Duplex ultrasound is a specialized interpretation of ultrasound waves and an integral tool in medical diagnosis and therapy today. Duplex ultrasonography combines the principles of anatomic and flow ultrasonography to deliver diagnostic information to the interpreter[1]. Doppler ultrasonography refers to the utilization and application of the Doppler effect to sound wave information to interpret movement or flow within tissues[2]. It is important to have a basic understanding of the technology and related physical principles to read and interpret duplex ultrasonography. These principles include the Doppler effect, electronic gating, and varying methods of wave generation[3].

Anatomy and Physiology

The Doppler effect refers to the change in observed sound wave frequencies due to motion. In the case of duplex ultrasound, the source of the sound waves and the measurement of the change are contained within the transducer probe. The transducer contains piezoelectric crystals which convert electrical activity to the ultrasound waves and vice versa. The probe measures the frequency shift due to reflections off the underlying tissues. This Doppler shift is calculated as:

Equation 1: f(d) = f(t) - f(r) = f(t) * 2 * [u*cos(theta) / c]
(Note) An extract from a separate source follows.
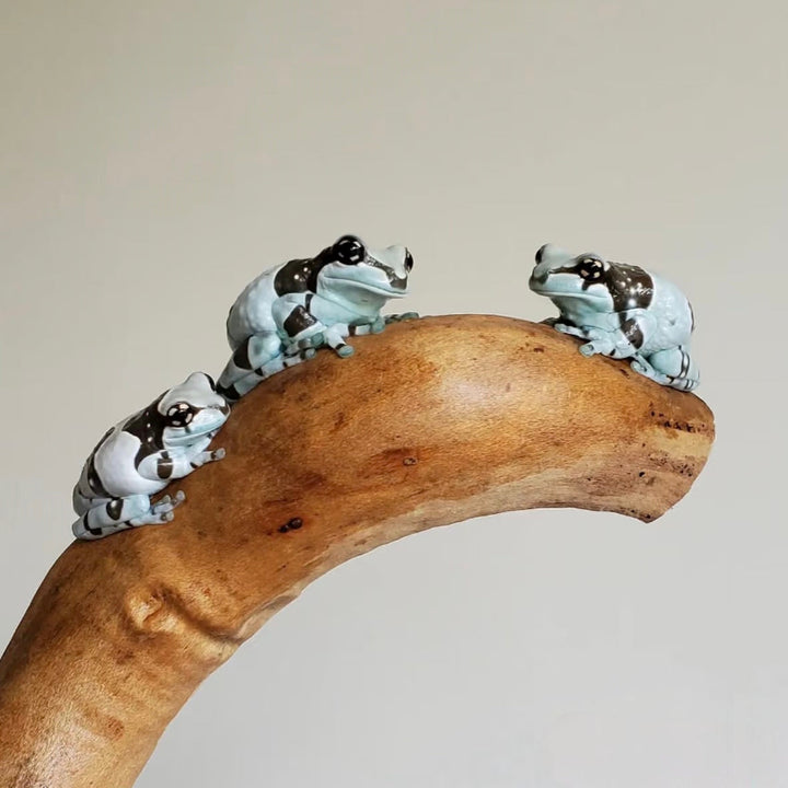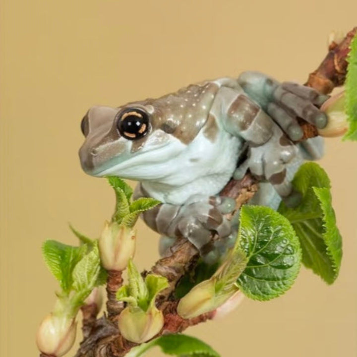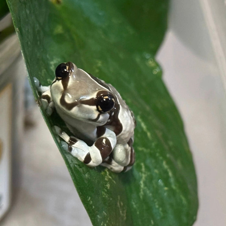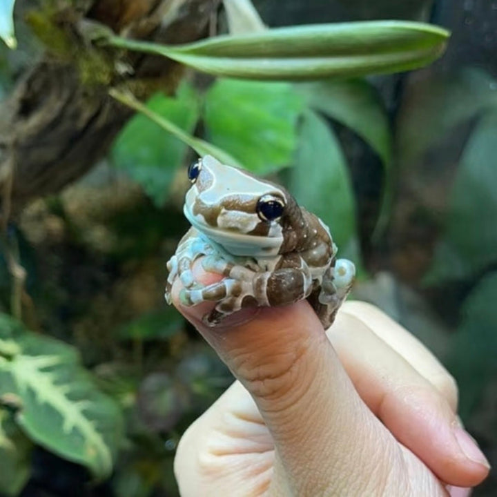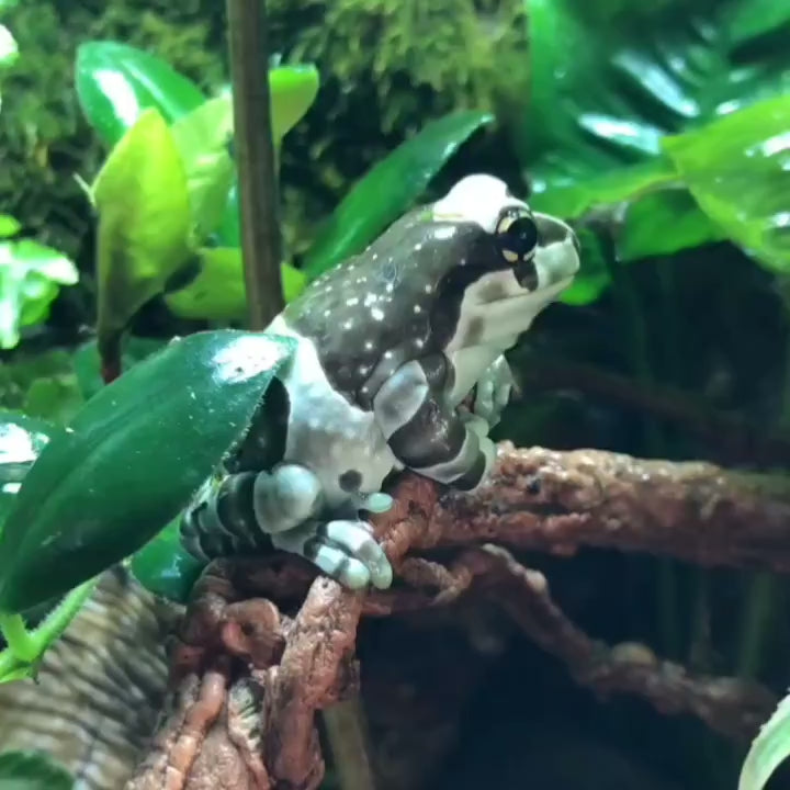 牛奶樹蛙是棲息於南美洲熱帶雨林的大型樹蛙,擁有獨特的棕白迷彩保護色在樹蛙中極為罕見,夜行性的牠們偏好棲息於樹幹或樹洞,而非葉片上,在受威脅時分泌乳白色微毒液體自衛,因而得名。食性廣泛,能吞食蟋蟀、麵包蟲等活餌,性格活潑且適應力強,壽命可達10-15年,是可以長期陪伴的寵物首選之一。

Where f(d) is the Doppler shift, f(t) is the transmitted frequency, f(r) is the returning frequency, c is the speed of the ultrasound wave and u*cos(theta) is the velocity component of the reflection in the direction of the ultrasonic beam with angle theta measured between the line of movement of the reflector and the transducer beam.  This equation explains why Doppler images degrade at an angle greater than 70 degrees as the cos(theta) approaches 0 at 90 degrees. If the exact angle is known, the Doppler output could be translated directly into velocities, but as this is often, unknown outputs remain as Doppler shift[3]. This shift is interpreted via a frequency analyzer into audible or visual portrayals.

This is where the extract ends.